Selling It: Mr. E.Z. Duzzit

 

It's a good thing that cartoonists sometimes got to sign their advertisment work, because I long ago waved the white flag trying to spot the art on many of these ads. Between Harry Haenigsen, Dik Browne, Gill Fox and the other cartooning luminaries who seemed to be able to nimbly ape just about any style, I'm lost. 

Here we have a 1943 ad for Duz Detergent, and it's boldly signed by Harry Haenigsen. If it hadn't been signed, Haenigsen would not have been my first guess. Frankly, Adolph Schus might have come to mind first. So thank you to the good folks at Duz who let Harry bask in the limelight. 
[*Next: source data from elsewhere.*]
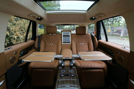 真土豪座驾路虎皇家一号,豪华程度不输宾利劳斯,基本车长5998毫米2073毫米1840mm(长宽高)的车身尺寸似乎并没有影响到整体视觉的和谐度。T是一款定位在高端豪华领域的车型,轴距尺寸使人心旷神怡,超长的车身别开生面的研发手艺和豪华的内饰使得路虎皇家一号稳坐超豪华SUV房车的一把交椅,而这款车型在豪华的根本上更为注重后排的驾乘感和触感。
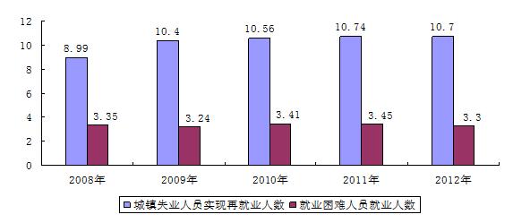 图3 近五年城镇失业人员再就业人数
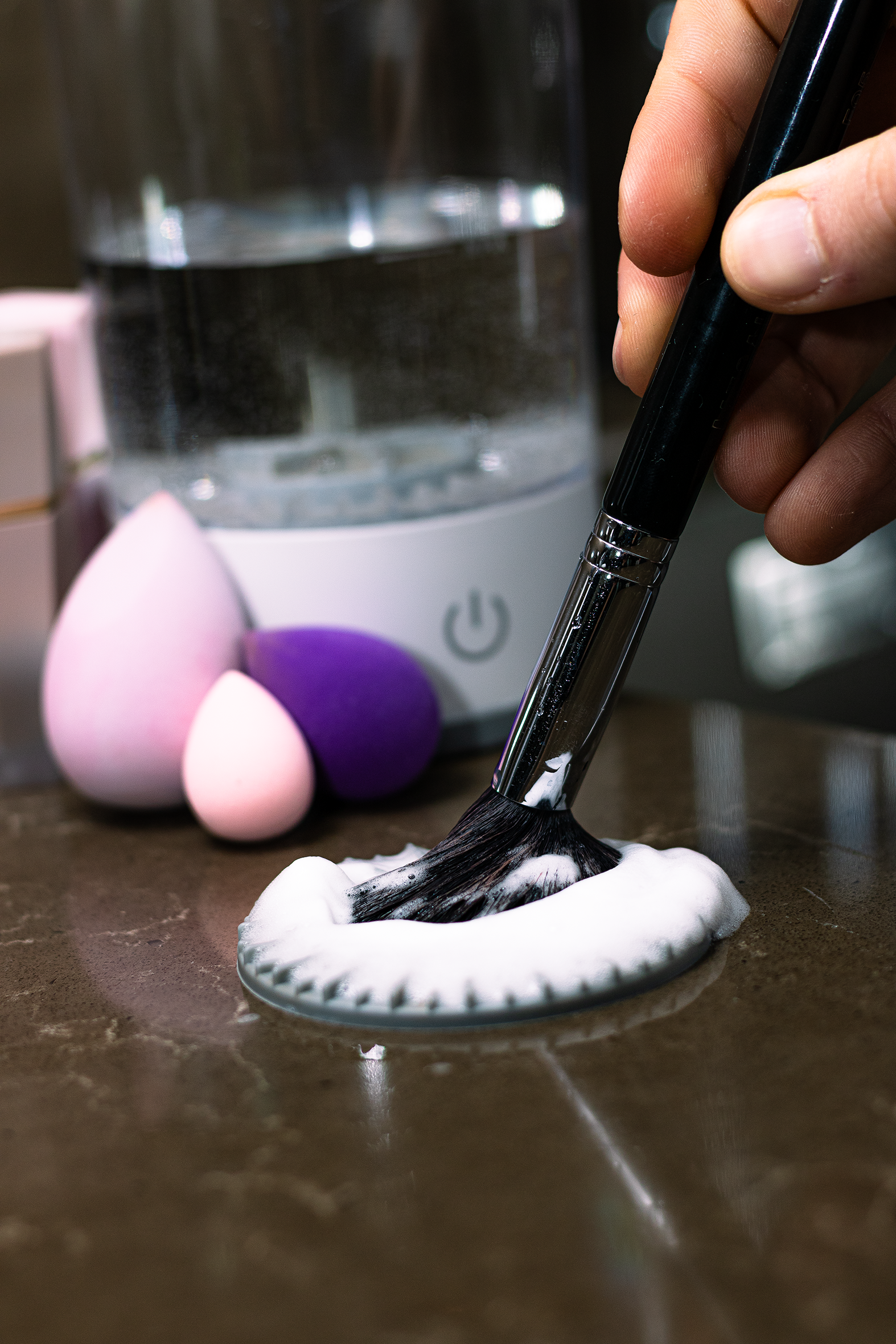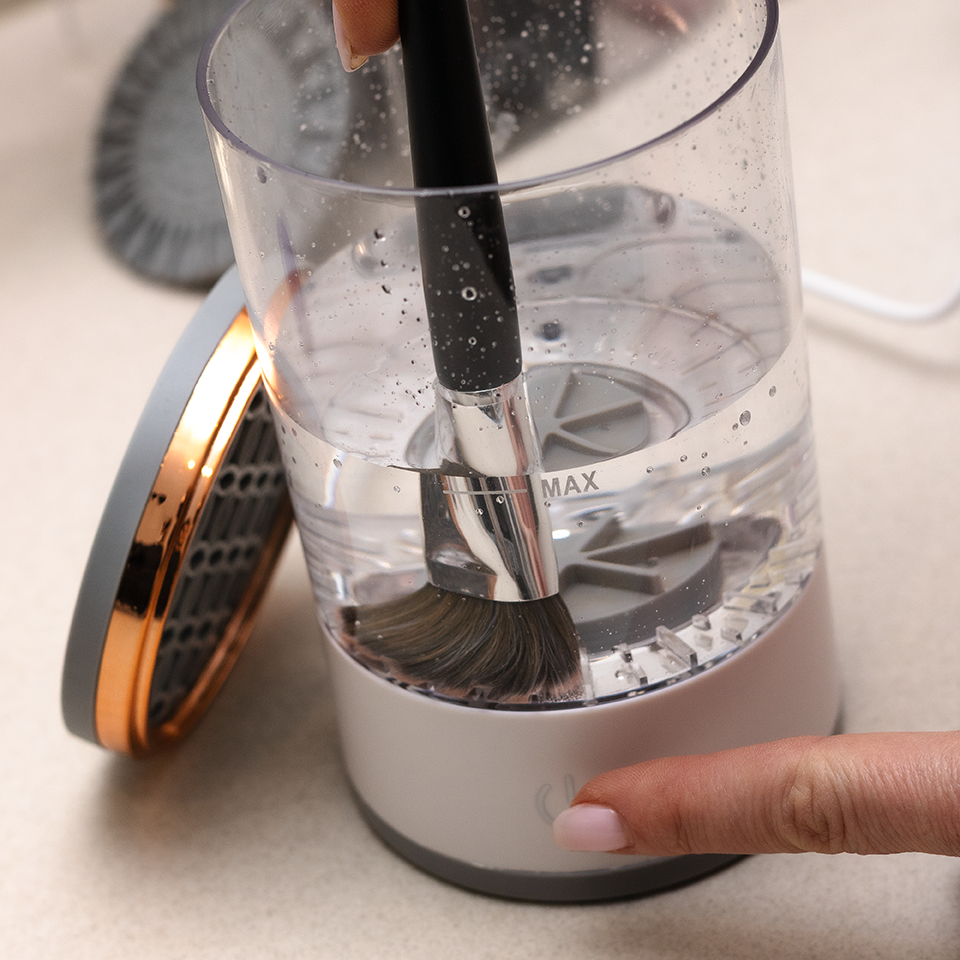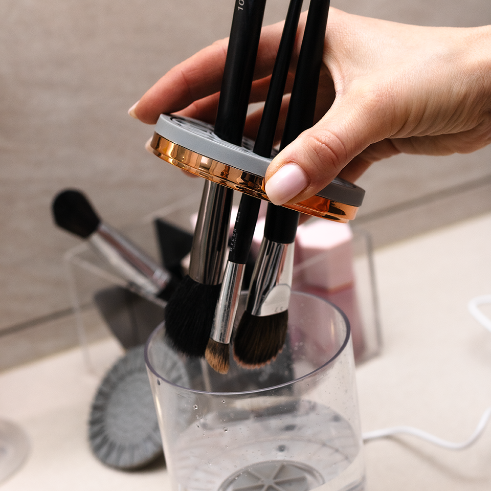 Prior to the cleaning process, we recommend using the scrubbing mat for brushes used with any oily concealers
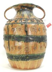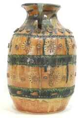 Stoneware Handled Pot signed Margo, 17 1/2"h.
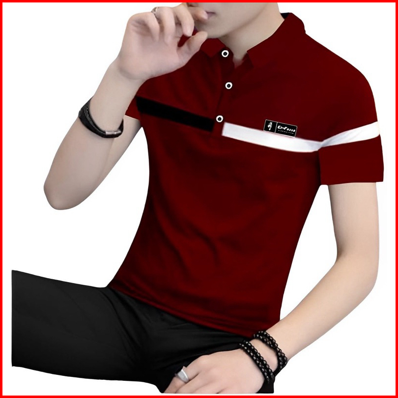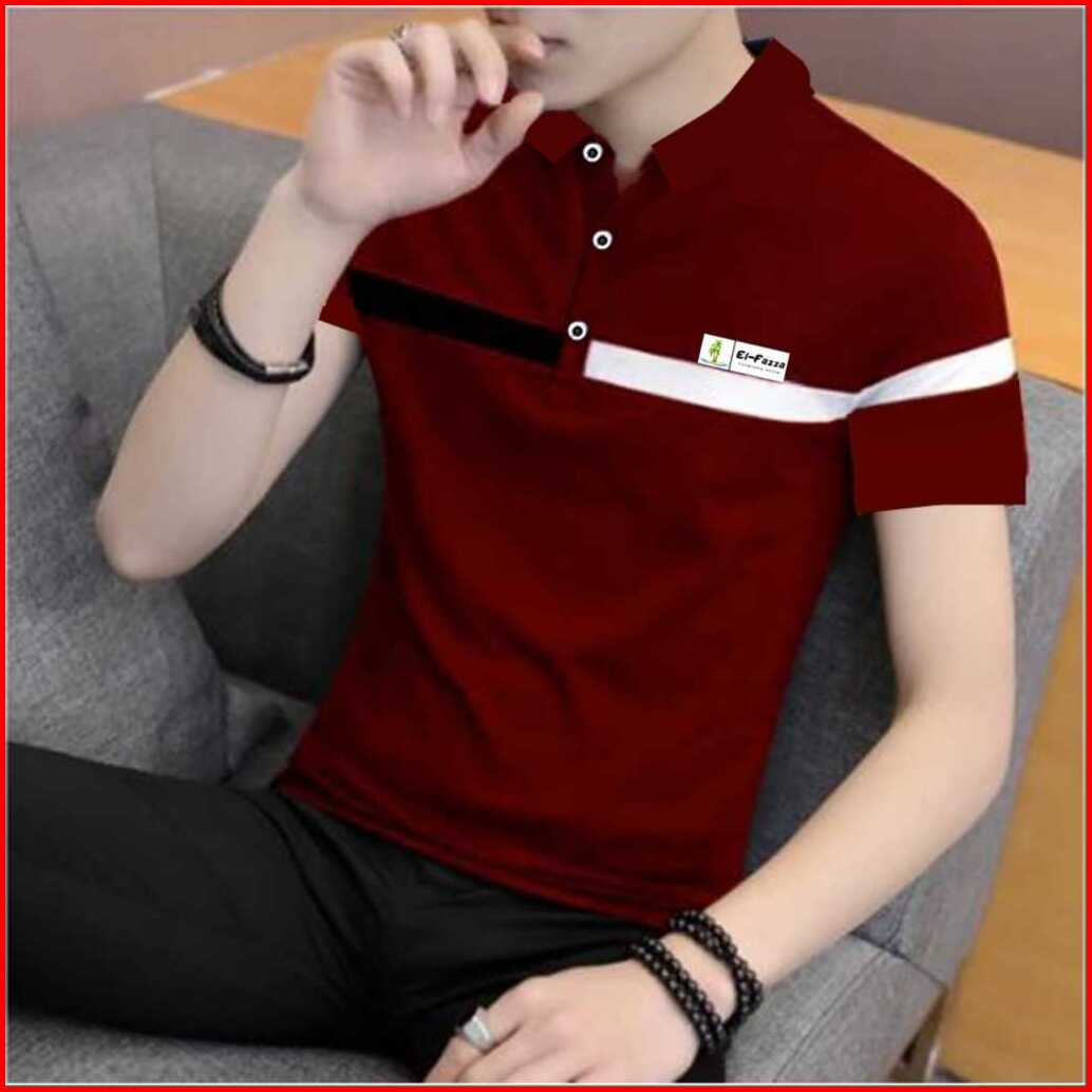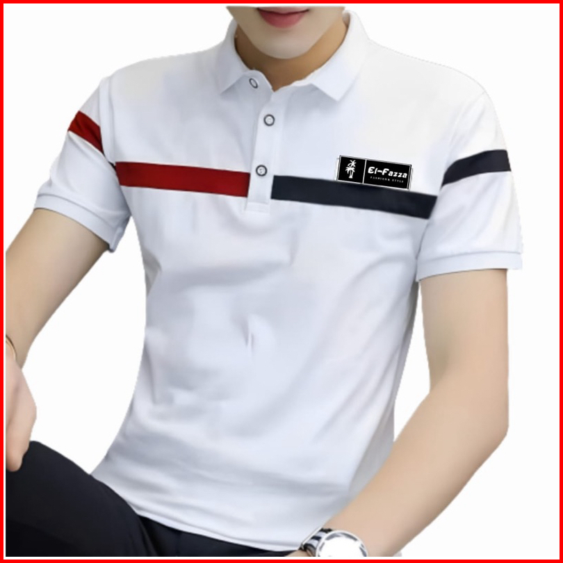 Kaos Kerah Pria Lengan Pendek Motif Kombinasi Kekinian Baju Pollo Pria Terbaru Style Korea Elfazza
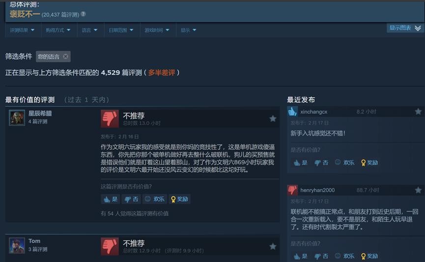孔子再强,也拦不住中国玩家在Steam上给这代的《文明》打出“多半差评”。
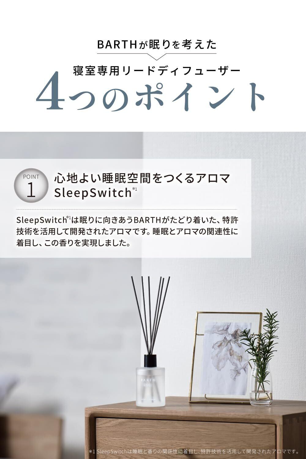 心地よい睡眠空間をつくるアロマSleepSwitch*と、天然精油をBARTHオリジナルのバランスでブレンドしたリードディフューザー
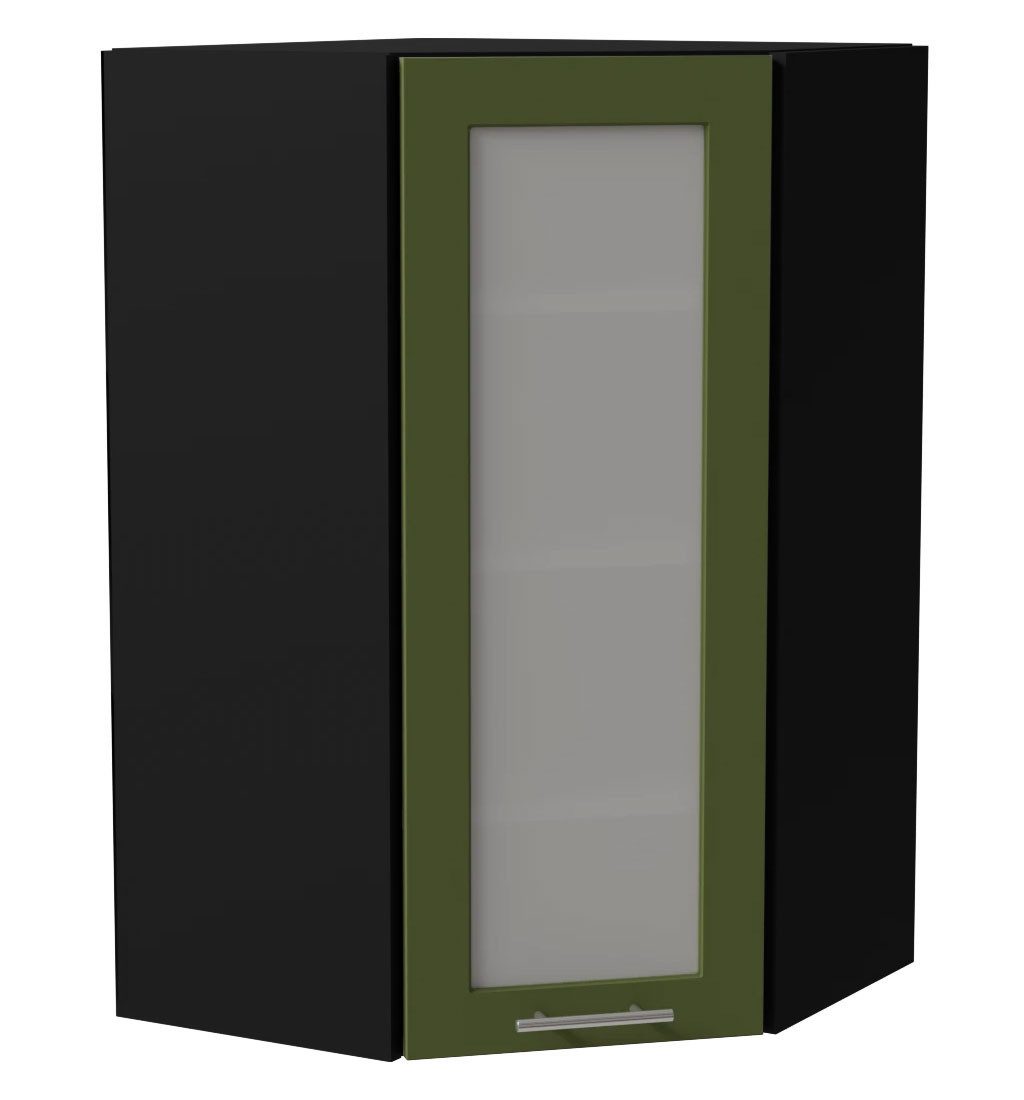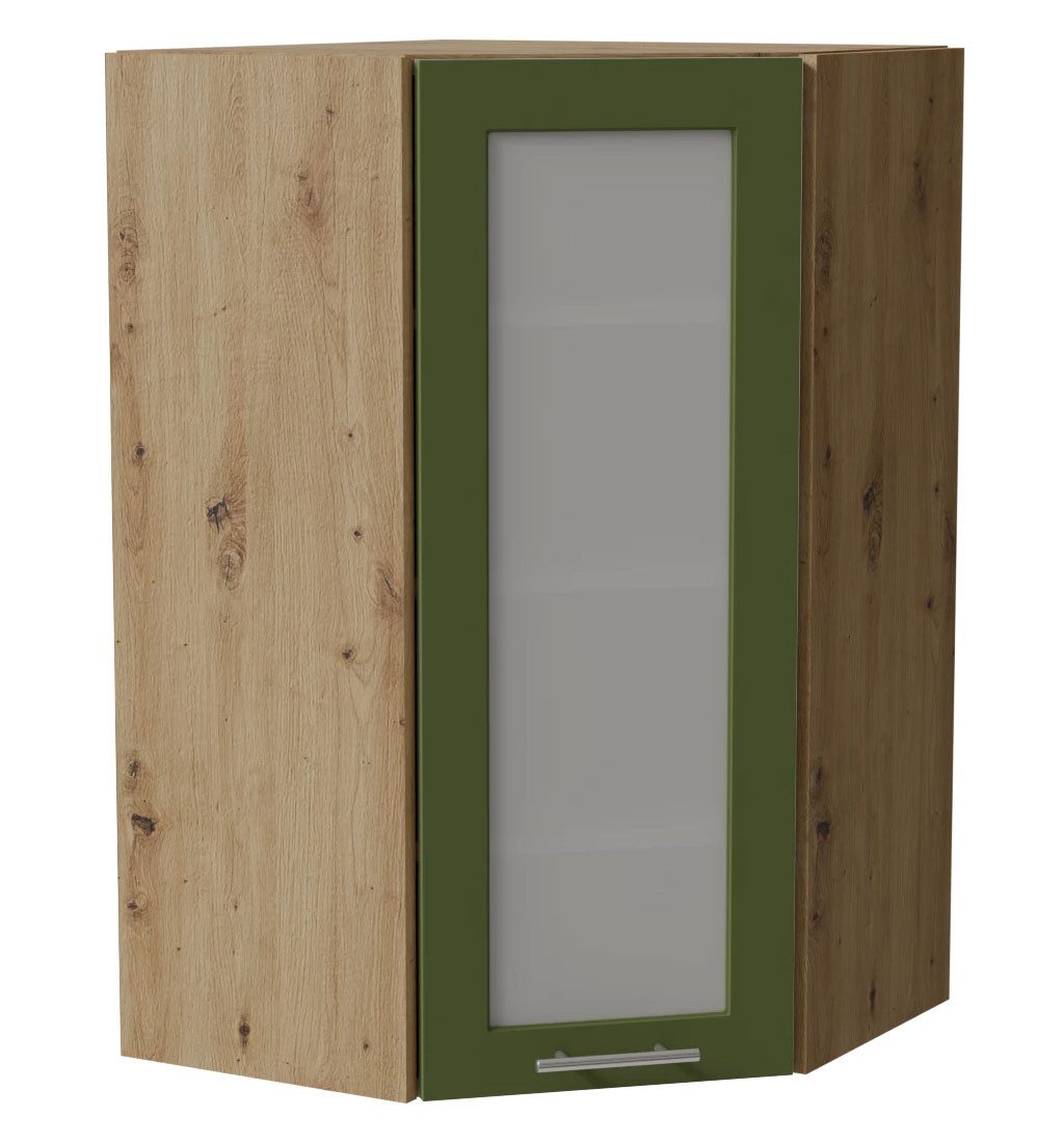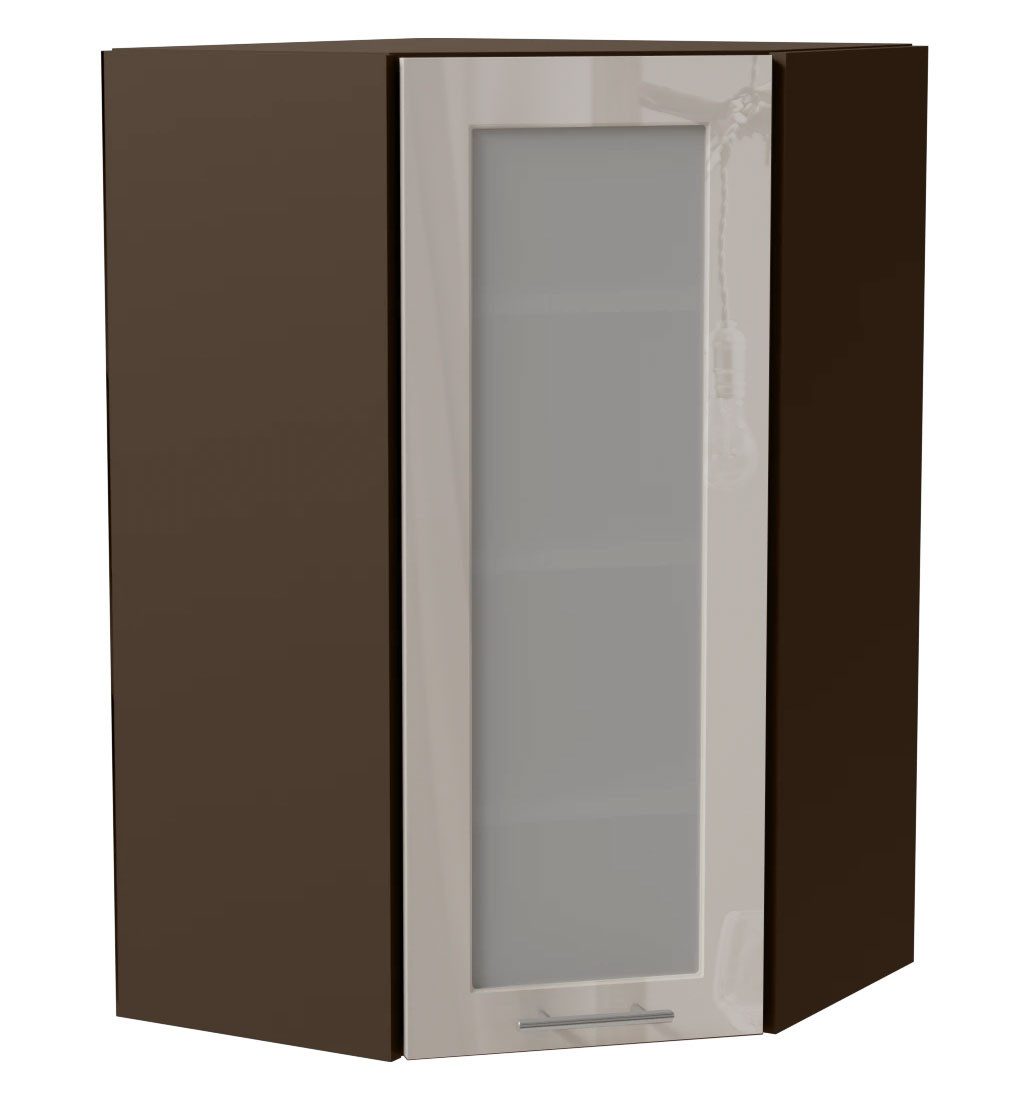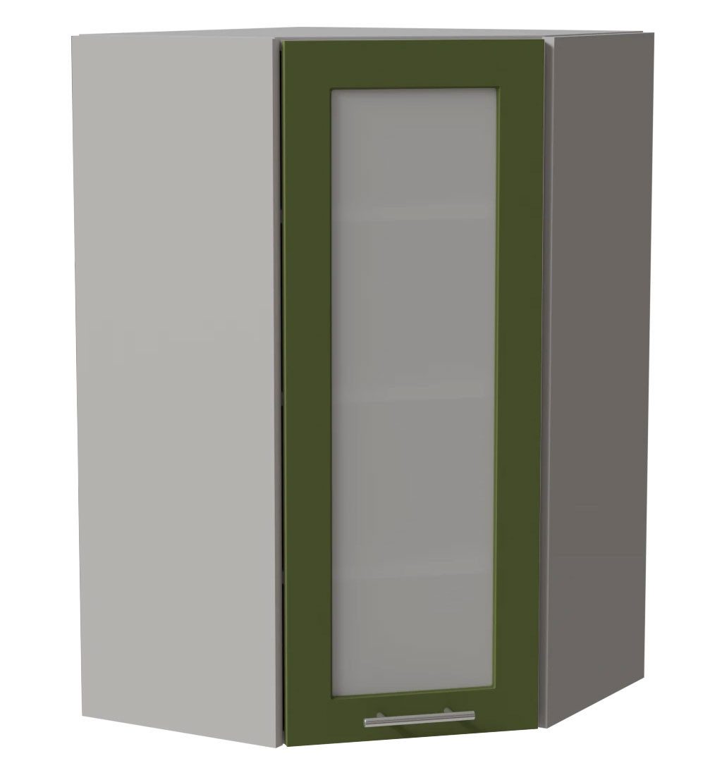 Eckhängeschrank / 1-türig mit Milchglaseinsatz / Soft-Close-Funktion / Fronten lackiert

Although this ad seems like it would have been part of a series, this is the only installment of Mr. E.Z. Duzzit I've been able to find. I checked over on Ger Apeldoorn's blog, The Fabulous Fifties, because he is a real devotee of these comic strip ads, and it seems I've actually managed to find one he doesn't have over there! 

PS: Here's hoping that all is well with Ger. He hasn't posted in about three months. You out there, buddy? UPDATE: Ger says he's just fine, but busy with other projects right now.


2 comments:

  1. Admittedly slightly off-topic, but this ad reminded me of a funny Fred Allen radio skit I heard years ago. Fred and Portland played a "realistic" morning show hosts--grumpy, half asleep, and bickering. They were sponsored by Little Panther Spot Remover and DUZNT.

    "Other soaps brag about all the things that they do. Well, DUZNT duzn't do anything!"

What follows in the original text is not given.